Provided records:
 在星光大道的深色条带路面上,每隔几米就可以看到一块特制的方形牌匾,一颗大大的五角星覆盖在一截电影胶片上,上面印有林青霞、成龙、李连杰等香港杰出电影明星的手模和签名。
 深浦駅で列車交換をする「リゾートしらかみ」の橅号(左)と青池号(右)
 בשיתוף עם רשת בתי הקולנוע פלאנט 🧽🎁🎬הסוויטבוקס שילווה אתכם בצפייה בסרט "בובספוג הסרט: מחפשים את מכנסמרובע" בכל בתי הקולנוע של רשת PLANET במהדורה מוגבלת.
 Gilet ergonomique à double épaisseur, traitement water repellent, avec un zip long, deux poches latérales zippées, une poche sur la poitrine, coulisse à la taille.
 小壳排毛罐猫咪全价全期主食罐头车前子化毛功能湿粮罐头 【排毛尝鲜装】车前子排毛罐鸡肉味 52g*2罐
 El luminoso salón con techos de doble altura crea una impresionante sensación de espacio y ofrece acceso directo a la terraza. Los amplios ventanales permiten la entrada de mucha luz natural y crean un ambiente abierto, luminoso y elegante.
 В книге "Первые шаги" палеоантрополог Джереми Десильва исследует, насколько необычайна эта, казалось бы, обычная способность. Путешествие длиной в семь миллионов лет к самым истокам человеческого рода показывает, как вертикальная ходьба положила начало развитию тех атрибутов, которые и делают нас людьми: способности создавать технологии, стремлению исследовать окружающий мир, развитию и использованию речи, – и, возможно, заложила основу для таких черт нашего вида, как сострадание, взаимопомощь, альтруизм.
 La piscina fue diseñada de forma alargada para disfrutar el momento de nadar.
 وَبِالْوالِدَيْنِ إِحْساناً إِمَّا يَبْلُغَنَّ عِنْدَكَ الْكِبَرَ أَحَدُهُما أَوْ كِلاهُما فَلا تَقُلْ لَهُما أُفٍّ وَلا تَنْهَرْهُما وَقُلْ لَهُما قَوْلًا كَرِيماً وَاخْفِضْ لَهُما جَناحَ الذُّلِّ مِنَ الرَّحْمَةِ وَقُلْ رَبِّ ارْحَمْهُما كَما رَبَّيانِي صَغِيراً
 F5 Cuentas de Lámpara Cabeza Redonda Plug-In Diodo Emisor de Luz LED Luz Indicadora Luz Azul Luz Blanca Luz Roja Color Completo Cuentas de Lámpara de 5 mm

What is required:
Give back exactly the lines above starting at the line where "בשיתוף עם רשת" appears and ending at the line where "Gilet ergonomique à" appears, both included, with no other lines.

Solution for this exercise:
 בשיתוף עם רשת בתי הקולנוע פלאנט 🧽🎁🎬הסוויטבוקס שילווה אתכם בצפייה בסרט "בובספוג הסרט: מחפשים את מכנסמרובע" בכל בתי הקולנוע של רשת PLANET במהדורה מוגבלת.
 Gilet ergonomique à double épaisseur, traitement water repellent, avec un zip long, deux poches latérales zippées, une poche sur la poitrine, coulisse à la taille.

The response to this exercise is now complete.